Entries provided:
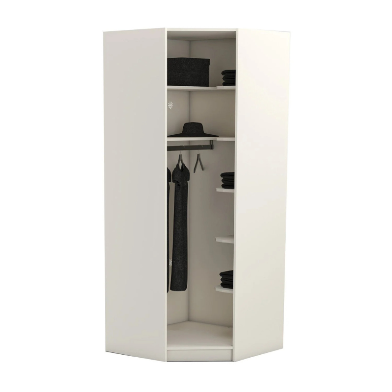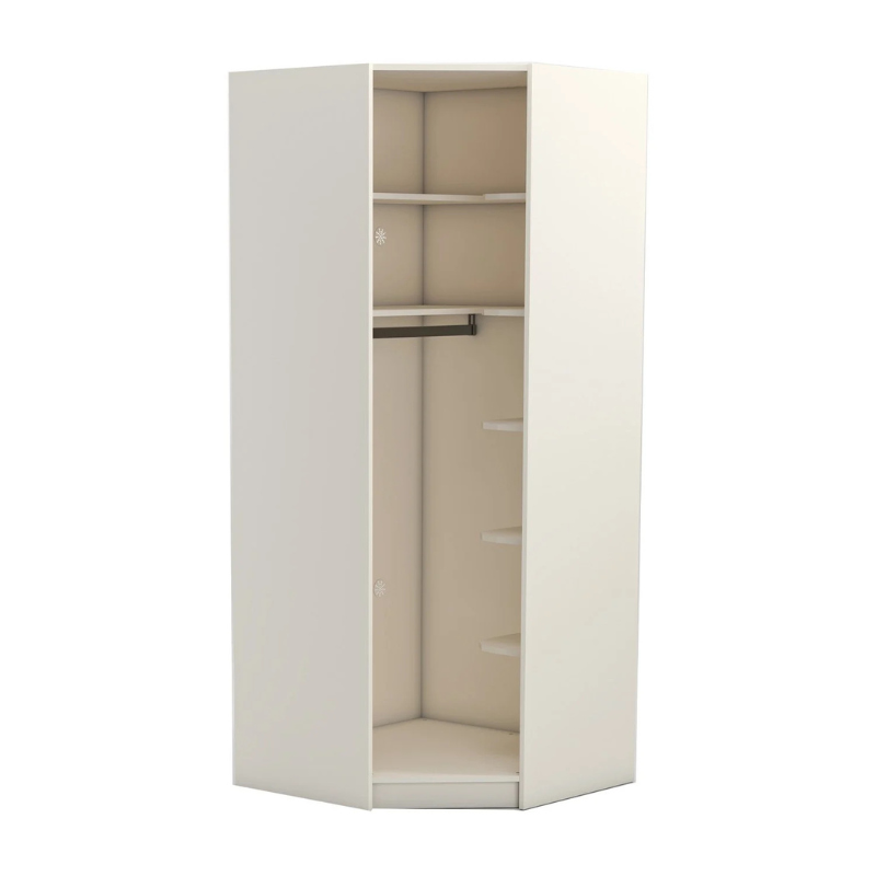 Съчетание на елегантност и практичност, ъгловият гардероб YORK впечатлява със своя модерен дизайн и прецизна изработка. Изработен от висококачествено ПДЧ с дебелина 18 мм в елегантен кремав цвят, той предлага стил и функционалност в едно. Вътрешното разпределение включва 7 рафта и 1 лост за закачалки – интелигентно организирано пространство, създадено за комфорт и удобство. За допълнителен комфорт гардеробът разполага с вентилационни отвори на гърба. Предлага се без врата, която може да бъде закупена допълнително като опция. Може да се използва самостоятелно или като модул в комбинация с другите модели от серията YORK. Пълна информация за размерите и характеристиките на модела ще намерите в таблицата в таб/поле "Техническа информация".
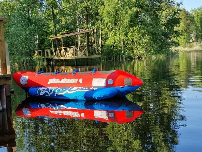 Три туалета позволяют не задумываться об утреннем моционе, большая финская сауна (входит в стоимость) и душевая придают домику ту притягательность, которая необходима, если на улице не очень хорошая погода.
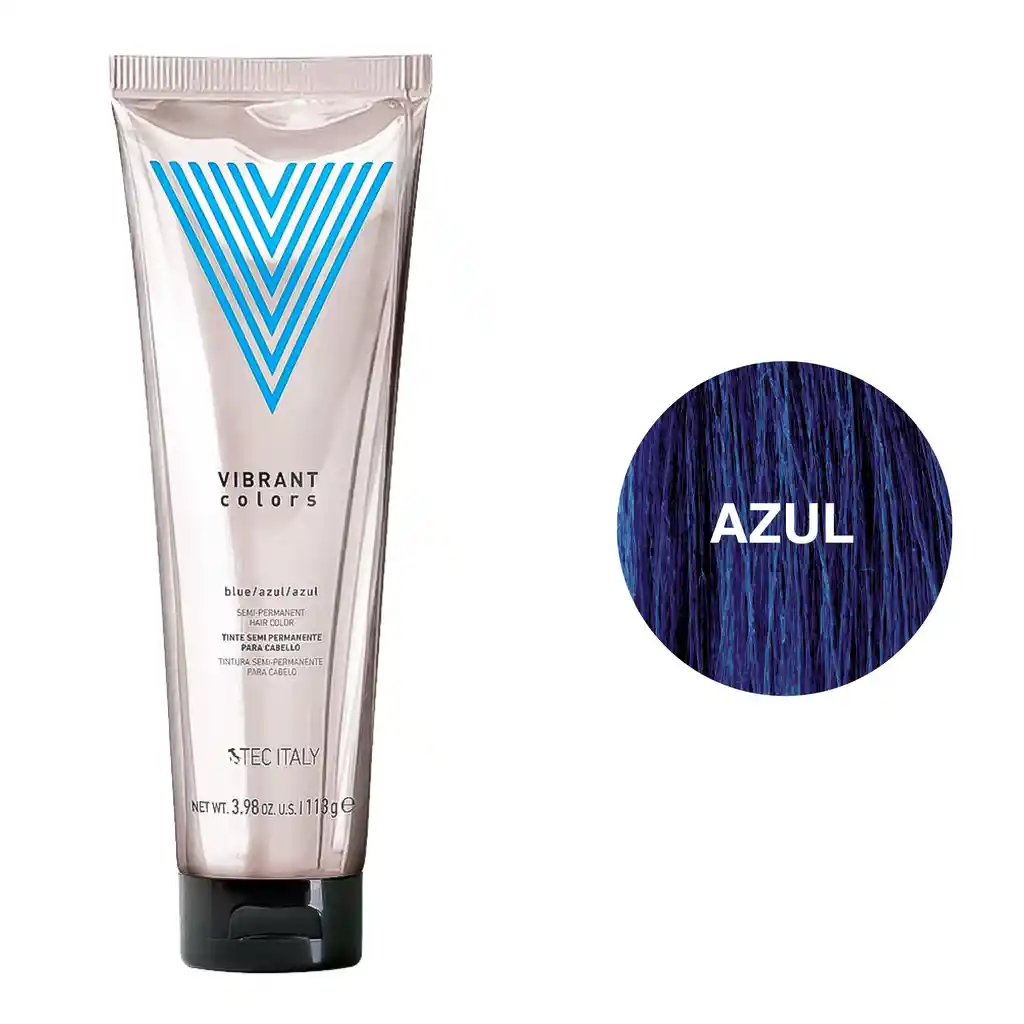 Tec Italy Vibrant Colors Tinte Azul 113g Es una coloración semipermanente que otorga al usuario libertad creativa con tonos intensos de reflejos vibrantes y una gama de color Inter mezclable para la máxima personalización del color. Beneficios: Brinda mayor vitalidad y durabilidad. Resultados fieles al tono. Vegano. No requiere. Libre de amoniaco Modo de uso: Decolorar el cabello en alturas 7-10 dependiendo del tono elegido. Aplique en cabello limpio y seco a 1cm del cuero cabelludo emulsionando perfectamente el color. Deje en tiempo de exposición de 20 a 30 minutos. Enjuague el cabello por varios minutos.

* * *

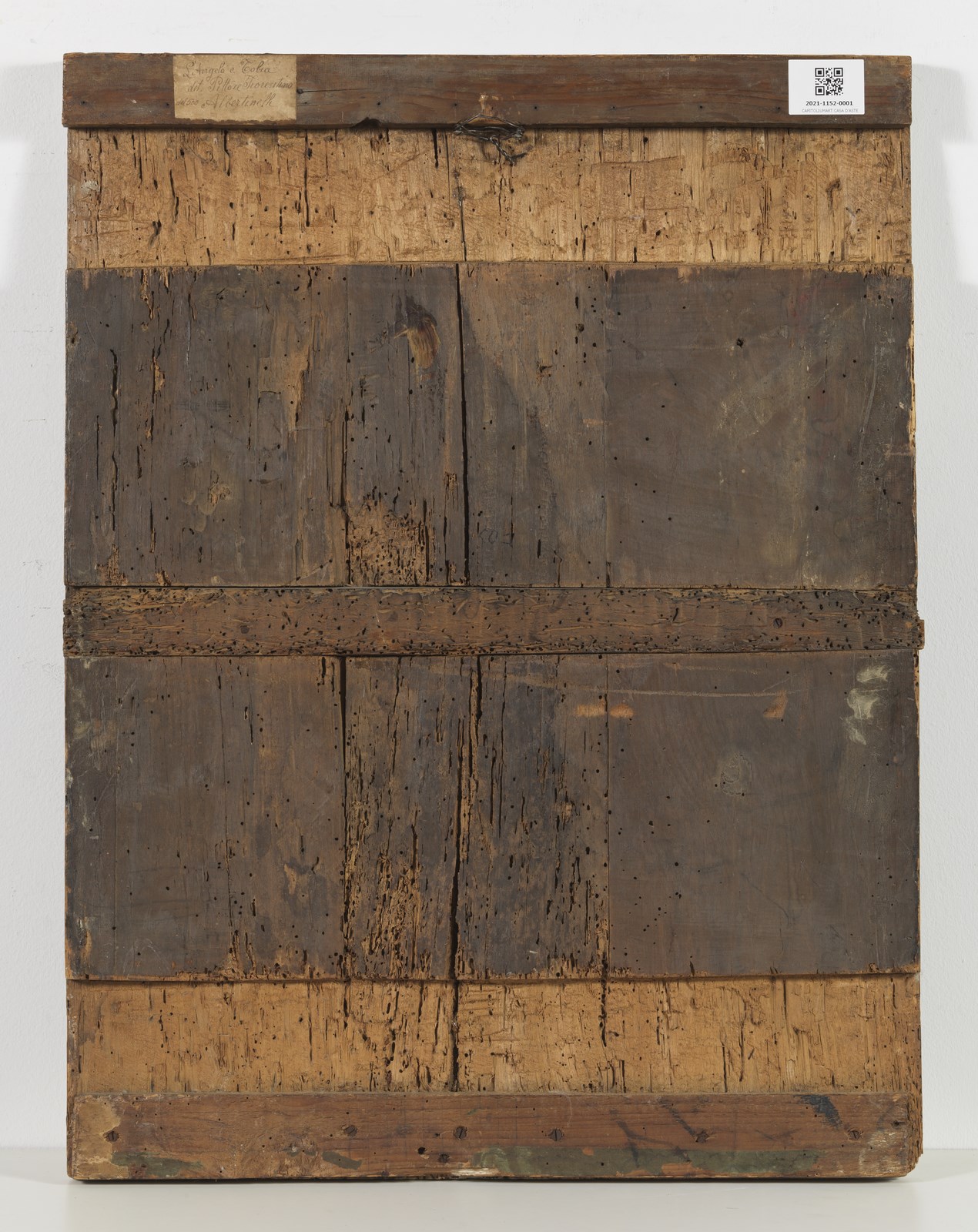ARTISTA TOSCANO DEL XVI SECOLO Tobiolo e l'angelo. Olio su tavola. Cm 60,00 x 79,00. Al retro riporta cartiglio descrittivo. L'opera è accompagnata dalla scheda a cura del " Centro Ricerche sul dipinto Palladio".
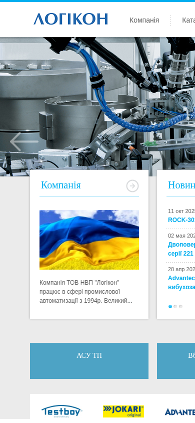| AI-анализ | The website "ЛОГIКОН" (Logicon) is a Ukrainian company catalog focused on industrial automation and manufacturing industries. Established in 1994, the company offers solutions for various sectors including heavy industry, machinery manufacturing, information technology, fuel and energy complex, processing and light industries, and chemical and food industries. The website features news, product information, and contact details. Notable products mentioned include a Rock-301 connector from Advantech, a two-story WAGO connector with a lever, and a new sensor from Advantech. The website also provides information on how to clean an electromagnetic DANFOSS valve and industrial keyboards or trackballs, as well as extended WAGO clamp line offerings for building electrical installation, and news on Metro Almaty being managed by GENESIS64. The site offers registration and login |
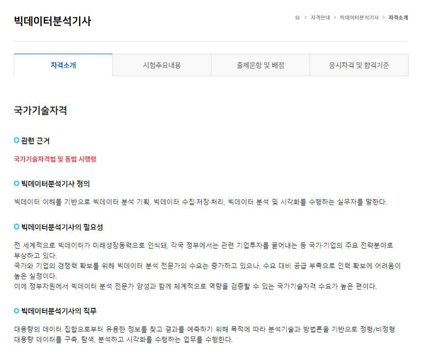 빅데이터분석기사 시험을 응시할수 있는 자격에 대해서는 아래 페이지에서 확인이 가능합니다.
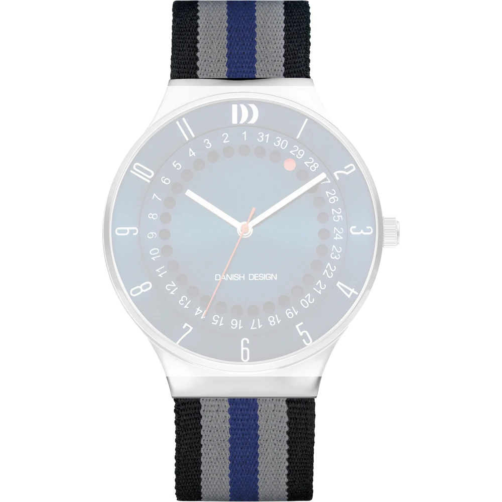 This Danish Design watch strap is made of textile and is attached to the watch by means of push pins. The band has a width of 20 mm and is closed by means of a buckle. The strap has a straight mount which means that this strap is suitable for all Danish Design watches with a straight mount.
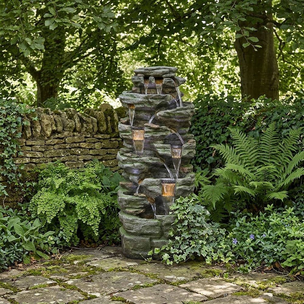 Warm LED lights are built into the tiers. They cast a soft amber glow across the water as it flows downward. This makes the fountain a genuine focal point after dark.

* * *

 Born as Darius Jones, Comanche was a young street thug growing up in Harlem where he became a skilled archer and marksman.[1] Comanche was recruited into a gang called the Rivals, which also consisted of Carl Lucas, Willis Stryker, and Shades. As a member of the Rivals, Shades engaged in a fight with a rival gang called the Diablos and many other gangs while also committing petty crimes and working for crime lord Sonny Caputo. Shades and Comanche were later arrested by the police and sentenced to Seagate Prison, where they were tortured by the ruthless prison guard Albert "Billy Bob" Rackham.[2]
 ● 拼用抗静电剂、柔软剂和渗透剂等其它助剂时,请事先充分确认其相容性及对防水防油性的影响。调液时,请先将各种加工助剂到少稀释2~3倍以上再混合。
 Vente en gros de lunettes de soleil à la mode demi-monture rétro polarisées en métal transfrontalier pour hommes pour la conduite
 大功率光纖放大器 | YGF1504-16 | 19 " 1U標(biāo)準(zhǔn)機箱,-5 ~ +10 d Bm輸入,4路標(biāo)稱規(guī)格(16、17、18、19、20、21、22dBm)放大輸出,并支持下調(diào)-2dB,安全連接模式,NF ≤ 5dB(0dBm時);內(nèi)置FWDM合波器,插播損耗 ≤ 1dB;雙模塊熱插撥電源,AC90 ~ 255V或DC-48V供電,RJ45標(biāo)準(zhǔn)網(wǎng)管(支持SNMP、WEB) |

What you should do:
When the line with "Vente en gros" is reached in the data above, begin copying, and stop after the line with "大功率光纖放大器 | YGF1504-16"; copy each line exactly, both ends included.

Task output:
 Vente en gros de lunettes de soleil à la mode demi-monture rétro polarisées en métal transfrontalier pour hommes pour la conduite
 大功率光纖放大器 | YGF1504-16 | 19 " 1U標(biāo)準(zhǔn)機箱,-5 ~ +10 d Bm輸入,4路標(biāo)稱規(guī)格(16、17、18、19、20、21、22dBm)放大輸出,并支持下調(diào)-2dB,安全連接模式,NF ≤ 5dB(0dBm時);內(nèi)置FWDM合波器,插播損耗 ≤ 1dB;雙模塊熱插撥電源,AC90 ~ 255V或DC-48V供電,RJ45標(biāo)準(zhǔn)網(wǎng)管(支持SNMP、WEB) |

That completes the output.